Once the pictures are set aside, repeat all of the data below exactly.

*Supplied material:*
- - - - - - -

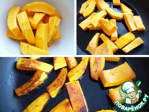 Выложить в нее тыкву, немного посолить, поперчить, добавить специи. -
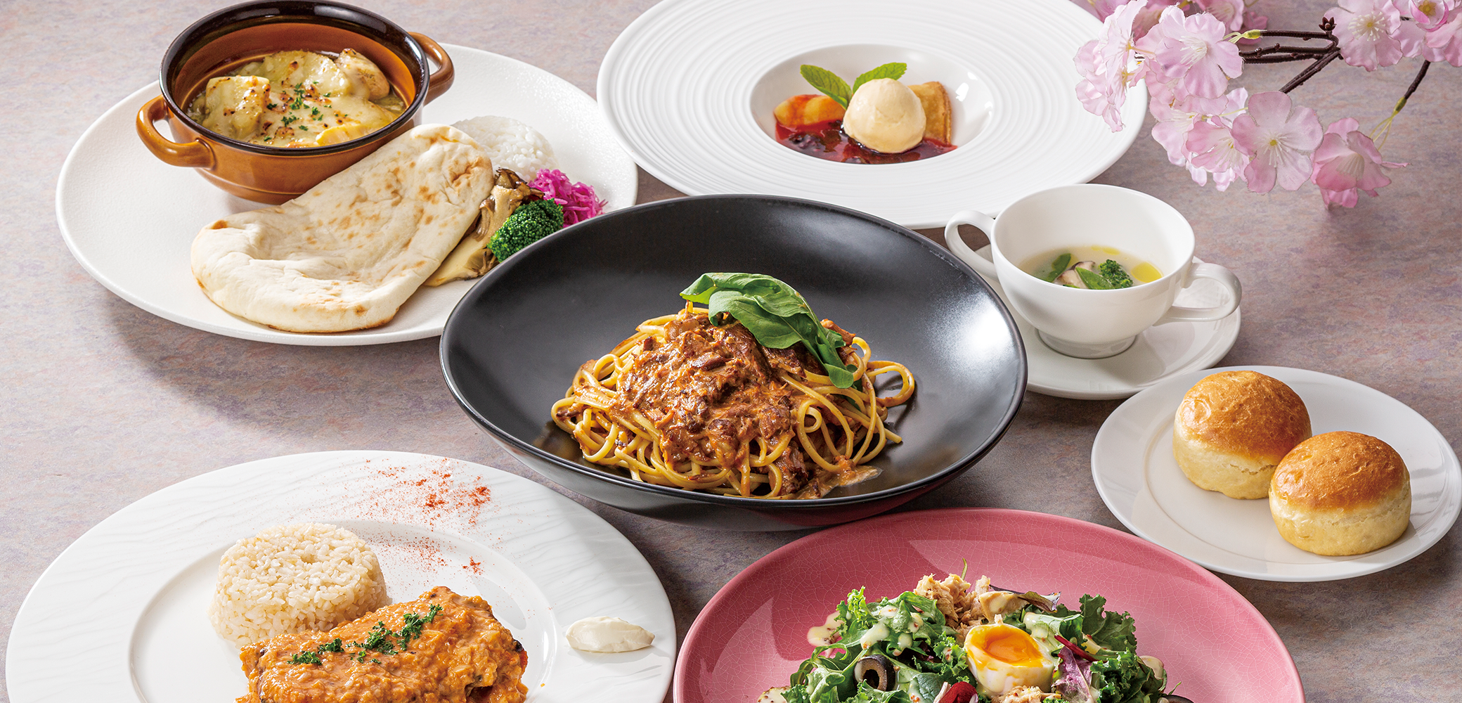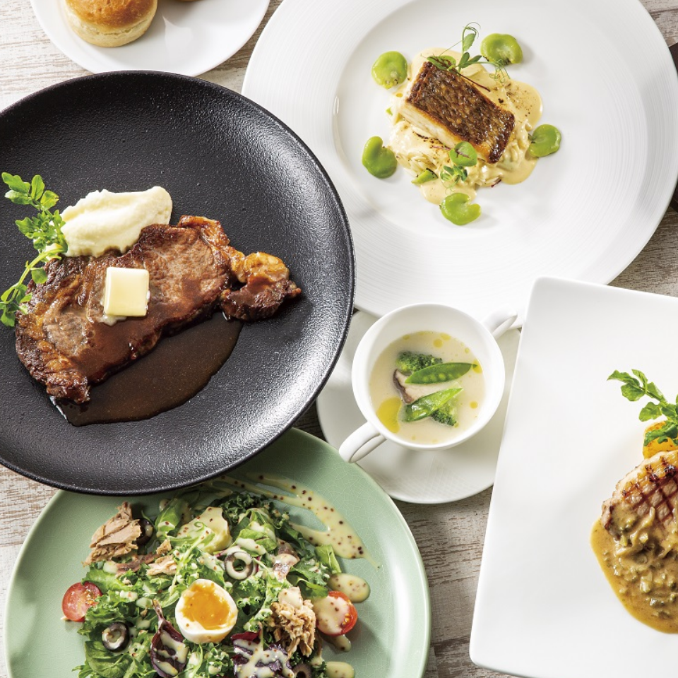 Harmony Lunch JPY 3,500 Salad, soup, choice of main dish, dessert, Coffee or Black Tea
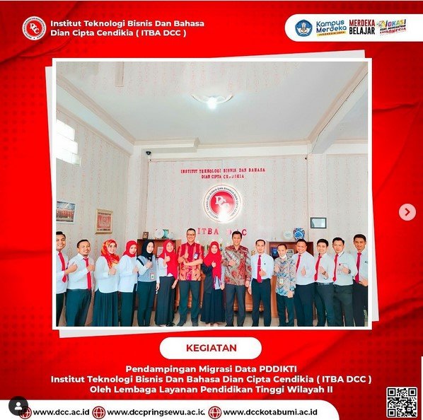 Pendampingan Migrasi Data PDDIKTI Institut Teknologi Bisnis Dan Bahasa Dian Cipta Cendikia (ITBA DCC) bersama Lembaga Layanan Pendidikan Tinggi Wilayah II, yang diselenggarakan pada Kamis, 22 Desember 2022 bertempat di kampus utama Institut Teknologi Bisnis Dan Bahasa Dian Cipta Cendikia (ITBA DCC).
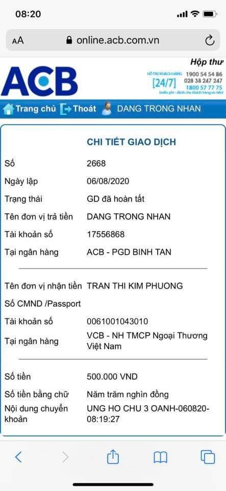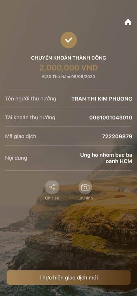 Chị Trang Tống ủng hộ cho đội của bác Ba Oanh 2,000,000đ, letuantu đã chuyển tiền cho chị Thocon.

- - - - - - -

*Answer to this task:*
 Выложить в нее тыкву, немного посолить, поперчить, добавить специи. -
 Harmony Lunch JPY 3,500 Salad, soup, choice of main dish, dessert, Coffee or Black Tea
 Pendampingan Migrasi Data PDDIKTI Institut Teknologi Bisnis Dan Bahasa Dian Cipta Cendikia (ITBA DCC) bersama Lembaga Layanan Pendidikan Tinggi Wilayah II, yang diselenggarakan pada Kamis, 22 Desember 2022 bertempat di kampus utama Institut Teknologi Bisnis Dan Bahasa Dian Cipta Cendikia (ITBA DCC).
 Chị Trang Tống ủng hộ cho đội của bác Ba Oanh 2,000,000đ, letuantu đã chuyển tiền cho chị Thocon.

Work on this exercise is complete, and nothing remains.